Urban Night Cooling Trends With MODIS Data

ISEF Category: Earth and Environmental Sciences

Subcategory: Climate Science  ·  Difficulty: Advanced  ·  Setup: Home Setup  ·  Time: Full Year

The Hook

Cities do not cool the same way as forests or farmland. Asphalt, concrete, trees, and water all change how heat leaves the surface after sunset. You can measure that difference from space and ask which land-cover patterns slow cooling the most. That gives you a real climate question with real data.

What Is It?

This project looks at nighttime land surface temperature, or LST, from MODIS satellites. LST means the temperature of the ground or surface skin, not the air temperature you see in a weather app. At night, surfaces that held heat during the day cool at different rates. Dark pavement, dry soil, grass, and tree-covered areas all behave differently, like different kinds of cookware left on the counter after a hot meal.
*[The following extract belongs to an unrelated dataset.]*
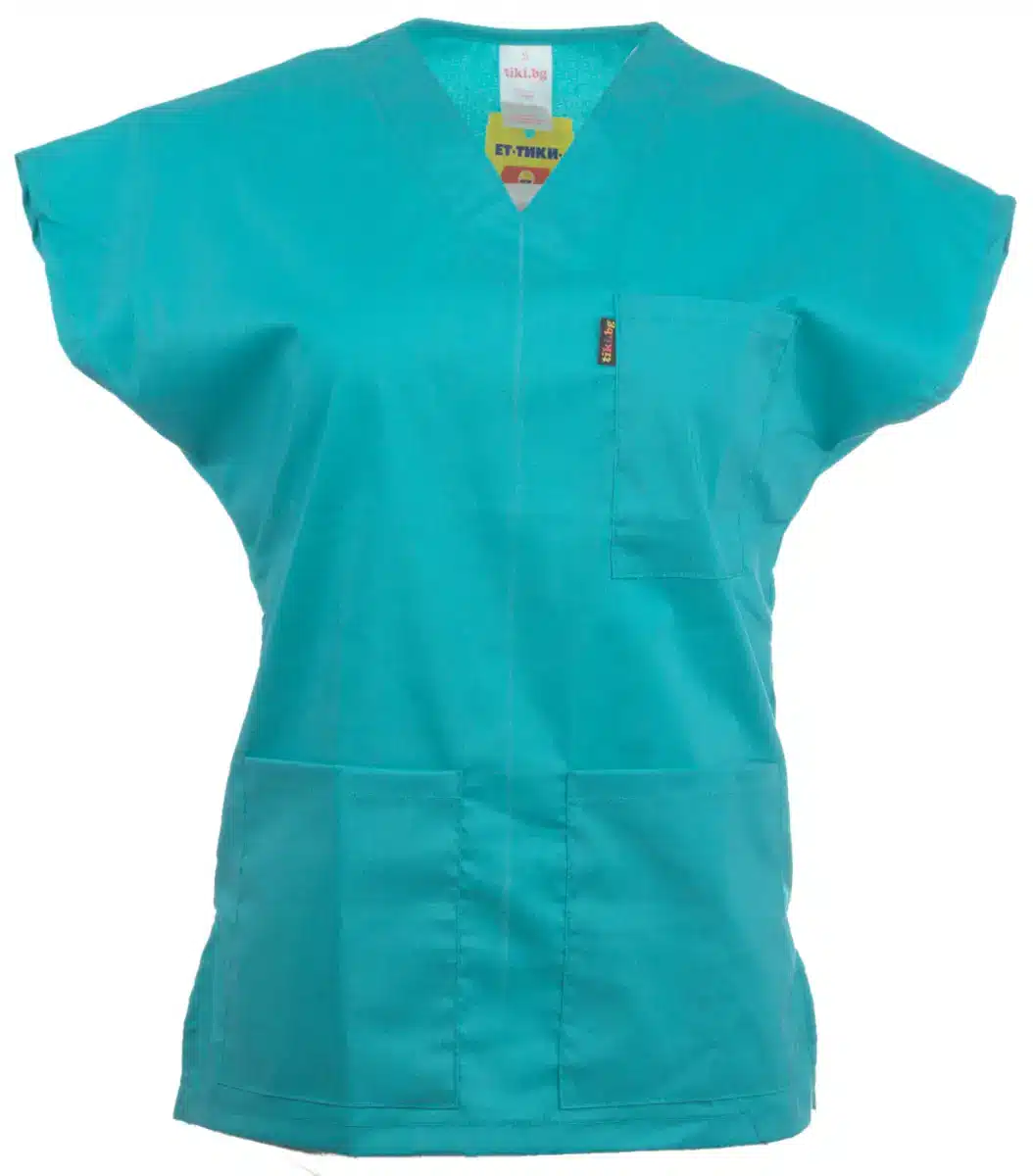 Медицинска вталена туника в изкусителен цвят мента. Отличен избор за работна униформа на всяка дама работеща в сферата на здравеопазването или козметичните и фризьорските услуги. Туниката е подходяща още за масажистки, за рехабилитаторки, персонал в детски заведения и други. Доверете ни се за комфорт и лекота в работното ежедневие, като изберете вталена туника в цвят мента. Може да разгледате и останалите ни предложения за медицински туники. Изработваме и медицински облекла с дигитален печат. Стараем се да ви предлагаме разнообразие на модели в комбинация с практичност и лекота по време на работа. Във фирмените магазини на Тики може да намерите всичките ни модели на медицинско облекло, както и да ги съчетаете с подходящ модел медицинско сабо. За бърза и лесна поръчка сме на ваше разположение и в онлайн магазина на посочените телефони и имейл.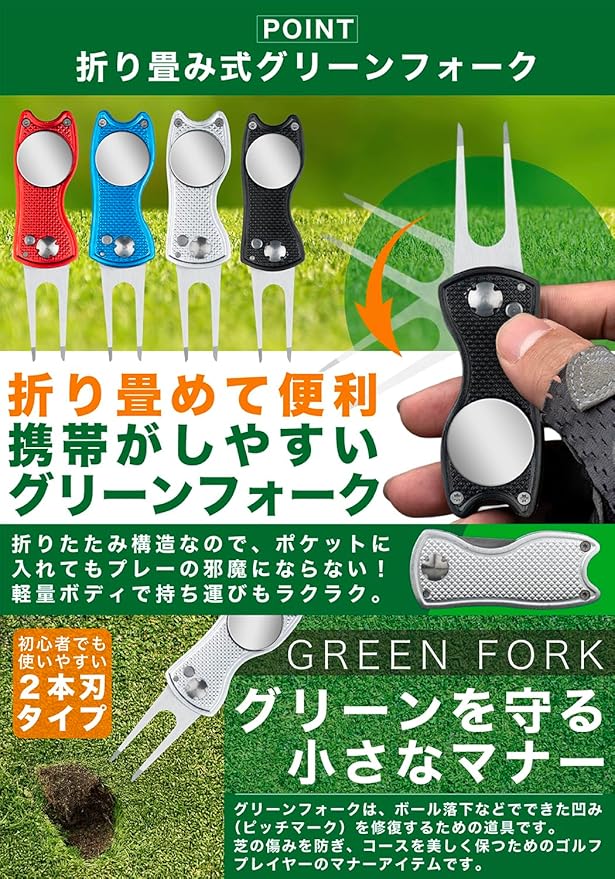 【折りたたみ式グリーンフォーク】フォーク部分が折りたためるので、ポケットやキャディバッグを傷つける心配がありません。コンパクトで持ち運びがスムーズです。

Your job is to compare those cooling patterns across cities over many years. You are not just asking, “Are cities warmer?” You are asking, “How fast do they cool, and how much of that change comes from land cover versus broader climate warming?” Causal forests are a machine learning method that helps estimate how one factor changes an outcome while accounting for other factors. In simple terms, it helps you separate the effect of city form from the background climate signal.

Why This Is a Good Topic

This is a strong science fair topic because it is measurable, data-rich, and tied to a real problem. Urban heat affects energy use, sleep, health, and heat risk. You can test the idea with free satellite data, land-cover maps, and public climate records, so you do not need a lab bench. You also get to learn remote sensing, data cleaning, trend analysis, and causal thinking, which are all useful research skills.

Research Questions

• How does nighttime urban cooling rate change across cities with different tree cover levels?
• What is the effect of impervious surface fraction on nighttime cooling rate after sunset?
• Does nighttime cooling trend differ between urban cores and nearby suburban areas?
• To what extent does background regional warming explain changes in urban nighttime LST over two decades?
• Which land-cover variable best predicts slower nighttime cooling, tree cover, water cover, or impervious surface?
• How does nighttime cooling differ between humid and dry climate zones after controlling for land cover?
• To what extent do urban form variables reduce the apparent warming trend in MODIS nighttime LST?

Basic Materials

• Computer with reliable internet access.
• External hard drive or cloud storage for large satellite files.
• Spreadsheet software for data screening and plotting.
• Python installed with pandas, numpy, matplotlib, and scikit-learn.
• Google Earth Engine account for screening MODIS scenes and pulling land-cover data.
• Public land-cover dataset such as NLCD for U.S. cities or ESA WorldCover for global cities.
• NOAA or NASA climate records for background temperature comparison.

Advanced Materials

• Computer with high RAM and storage for large raster stacks.
• Python with xarray, rasterio, geopandas, statsmodels, and scikit-learn.
• QGIS for map inspection and spatial masking.
• MODIS LST night products from NASA Earthdata.
• MODIS land-cover products or a comparable global land-cover raster.
• City boundary shapefiles from census or municipal GIS portals.
• Reanalysis or station climate data for covariate control.
• Optional access to a workstation or university server for repeated model runs.

Software & Tools

• Google Earth Engine: Screens satellite scenes, builds city-scale composites, and helps match dates across years.
• Python: Cleans, joins, and models the time series and spatial predictors.
• QGIS: Checks city boundaries, land-cover masks, and map outputs.
• ImageJ: Measures image-based validation plots if you compare false-color map exports.
• R: Runs alternative statistics and makes publication-style graphics.

Experiment Steps

1. Define the city set and the exact time window you will compare.
2. Choose one nighttime LST product and one land-cover dataset so your inputs stay consistent.
3. Build a clean city-by-year table that links temperature trends to land-cover fractions and climate covariates.
4. Decide how you will separate local land-cover effects from background warming with a causal model or matched comparison design.
5. Plan validation checks that test whether your result changes when you switch cities, years, or masking rules.
6. Pre-register the main outcome you will report, such as cooling rate, trend slope, or model-attributed effect size.

Common Pitfalls

• Mixing daytime and nighttime MODIS products, which makes cooling trends impossible to compare.
• Using city boundaries that change over time, which can fake a trend that comes from geometry, not climate.
• Comparing raw LST values without masking clouds, water, or missing pixels, which adds noise and bias.
• Treating land cover and regional climate as the same effect, which hides whether the city itself or the broader climate drives the trend.
• Running a causal forest on too few cities or too few years, which makes the model unstable and hard to interpret.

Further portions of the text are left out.